AI Media & Online Authenticity 2025 (Dataset)

A de-identified open dataset of 505 adults, capturing how people perceive authenticity, manipulation risk, and trustworthiness in AI-generated media — including uncertainty about what is real, concerns about synthetic content, confidence in detection skills, perceived difficulty in identifying AI-altered media, and behavioural responses to online uncertainty.

Measures include AI-media exposure, perceived realism of AI-generated images and text, trust-cue evaluation, confidence in detecting manipulated or AI-generated content, authenticity concern, avoidance and verification behaviours, emotional responses to uncertainty, and demographic variables across six English-speaking countries.

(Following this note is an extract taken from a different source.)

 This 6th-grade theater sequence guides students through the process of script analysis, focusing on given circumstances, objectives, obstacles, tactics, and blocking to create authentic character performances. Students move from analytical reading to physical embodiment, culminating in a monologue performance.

Part of the Human Clarity Institute’s AI–Human Experience Data Series.

Framework

HRL domain(s): Trust & Epistemic Stability

Registry Construct Alignment: Meaning Coherence · Epistemic Confidence · Trust Calibration

Listed constructs reflect longitudinal, registry-mapped item alignment and do not represent the full thematic scope of this dataset.

DOI and Repository Links

Zenodo: Zenodo DOI: 10.5281/zenodo.17744452
Figshare: Figshare DOI: 10.6084/m9.figshare.30736247
GitHub: GitHub repository: HCI AI Media & Online Authenticity 2025

This dataset is archived in GitHub, Zenodo, and Figshare for long-term preservation.

APA

Citation

Human Clarity Institute. (2025). AI Media & Online Authenticity 2025 (Dataset). Human Clarity Institute. https://doi.org/10.5281/zenodo.17744452

BibTeX

@dataset{hci_ai_media_online_authenticity_2025,
  author    = {Human Clarity Institute},
  title     = {AI Media \& Online Authenticity 2025 (Dataset)},
  year      = {2025},
  doi       = {10.5281/zenodo.17744452},
  url       = {https://humanclarityinstitute.com/datasets/ai-media-online-authenticity-2025/},
  license   = {CC-BY-4.0}
}

Licence

Creative Commons Attribution 4.0 International (CC BY 4.0)
You are free to share, adapt, and build upon this dataset for any purpose, including commercial use, provided appropriate credit is given to the Human Clarity Institute.

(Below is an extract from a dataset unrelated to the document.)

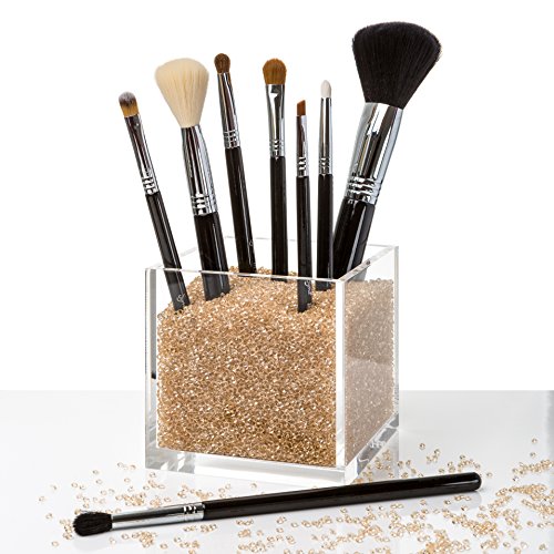 Acrylic Makeup Organizer & Counter Top Makeup Brush Cup Holder with GOLD Diamond Beads. #1 for Mac, Real Techniques, Naked Sigma, Kardashian Makeup Brushes and more...

Full licence text: https://creativecommons.org/licenses/by/4.0/

Study Methodology

This dataset forms part of the Human Clarity Institute’s Human–AI Experience research programme, examining how people judge trust, authenticity, and reality uncertainty in digital environments increasingly shaped by AI-generated media. The study uses a cross-sectional online survey design and focuses on descriptive patterns in deception concern, detection confidence, verification behaviour, emotional response, and trust in AI-mediated information.

Data were collected in November 2025 via the Prolific research platform from adults across six English-speaking countries. Participants provided explicit informed consent for anonymised data publication as part of HCI’s open research programme.

Sampling & participants

  • Clean dataset: 202 valid responses
  • Countries: United Kingdom, United States, Canada, Australia, New Zealand, Ireland
  • Eligibility: English-speaking adults (18+) across six English-speaking countries
  • Recruitment platform: Prolific
  • Anonymisation: Prolific IDs and timestamps removed before publication

Study limitations

  • The survey uses a non-probability convenience sample and is not nationally representative.
  • Results are based on self-reported responses and reflect perceived experiences.
  • The study uses a cross-sectional design, capturing responses at a single point in time.
  • The dataset is descriptive and exploratory and does not support causal inference.